__This exam covers the following topics:__

1. Differentiable manifolds

2. Vector fields, tensors and differential forms.

3. Riemannian manifolds, connections and curvature.

**On the exam you will be expected to:**

- state definitions and major theorems
- be able to prove simple propositions utilizing key definitions

**do basic computations**- be able to apply main theorems to prove other results (e.g. typical homework problem with one age proof)
- give complete proofs for more elementary results on the spot
- sketch the main outline for proofs of major results

Below we will distinguish theorems by

SSA for "state, sketch the proof, and apply", SA for "state and apply" and S for "state only".The list of theorems below is not intended to be complete but the most important results are mentioned.

For each of the 3 areas, there is a primary reference which is a sufficient source of study. If you know the material from this primary reference, this is sufficient. Secondary references are also included as an additional resource. Studying from the Exercises in the provided references should be enough to pass the exam.

**1. Differentiable manifolds**

- Differentiable structures. Functions on manifolds. Critical points. Partitions of unity. Immersions and embeddings, submanifolds.

- Inverse and Implicit function theorems (SSA).

- Whitney's embedding Theorem (SSA), Sard's Theorem (SSA)

- The tangent bundle of a manifold. Tangent maps

**References**

1. M. Spivak,

2. A. Kosinski,

Secondary References

3. M. do Carmo,

**2. Vector fields, tensors and differential forms**

- The cotangent bundle. Multilinear forms. Covariant and contravariant tensors, mixed tensors and contractions.

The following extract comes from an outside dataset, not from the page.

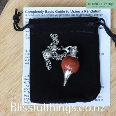 Red Jasper Sphere Pendulum, including a complementary black velvet pouch and basic instructions.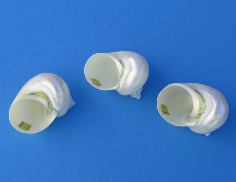 3-1/2 to 3-7/8 inches White Pearl Turbo Seashell for sale for decorating and large hermit crab changing shells. White seashells are used in beach wedding decorations and in glass containers, baskets and as an addition to a shell collection. They also make great homes for large hermit crabs. The outer layer of these turbo seashells has been removed with a chemically process which exposes the beautiful pearly white layer of the shell.   Our shells are real - not replicas.  They will have natural imperfections from living in the oceans and aging.  There will be a tag attached "Made in the Philippines". This is a requirement of the US Customs Department.

- Vector fields: Existence and uniqueness Theorems (SA). The local flow. One parameter groups of diffeomorhpisms.
- Lie derivatives, Bracket. Frobenius Integrability Theorem (SA).

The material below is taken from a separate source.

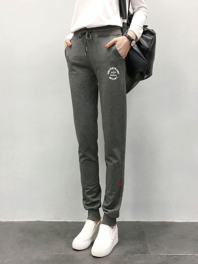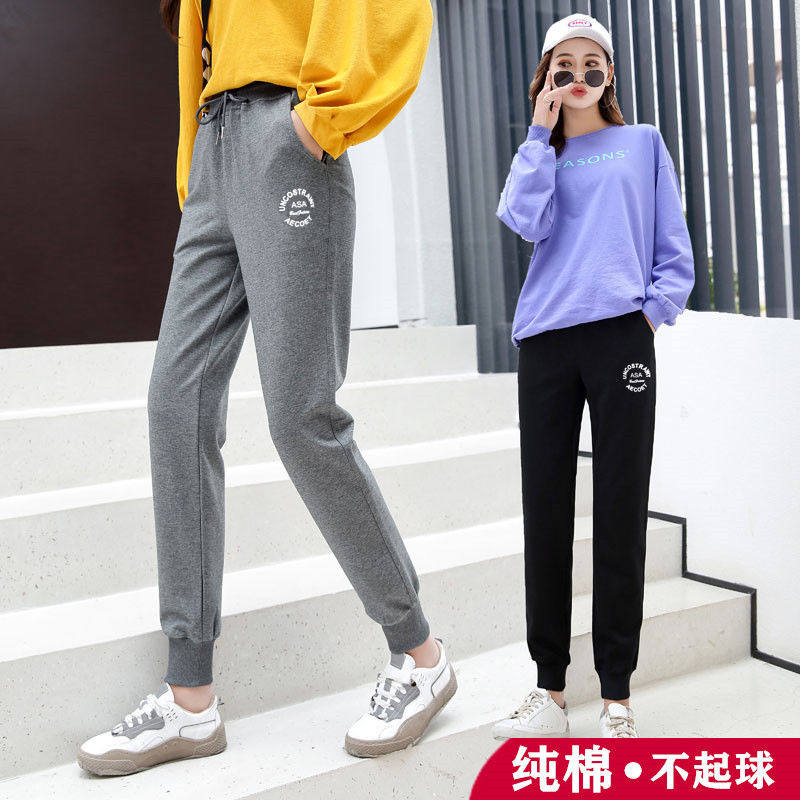 春秋季加长裤子女高个子超长运动裤加绒棉质小脚卫裤宽松束脚休闲

- Differential forms: The wedge product. Closed and exact forms. The Poincare Lemma (SSA).

- De Rham complex and cohomology. Volume forms. Stoke's Theorem (SA).

** **

**References**

**Primary Reference:**

1. M. Spivak, *A Comprehensive Introduction to Differential Geometry*, Vol I. Chap. 4, 5, 6, 7, 8.

3. M. do Carmo, *Riemannian Geometry*, Chap. 0.

**Secondary References:**

2. R. Bott, *Differential Forms in Algebraic Topology*, Chap. 1,3,4

**3. Riemannian manifolds, connections and curvature**

- Riemannian metrics. Affine and Riemannian connections. Parallel transport.

- Length. Geodesics. Convex neighborhoods. The exponential map.

- Curvature. Sectional, Ricci and scalar curvature.

- The Jacobi Equation, conjugate points
- Geometry of curves and surfaces. The second fundamental form, the fundamental equations.

- Gauss-Bonnet Theorem for surfaces

**References**

**Primary Reference:**

1. M. do Carmo, *Riemannian Geometry*, Chap. 1, 2, 3, 4, 5, 6.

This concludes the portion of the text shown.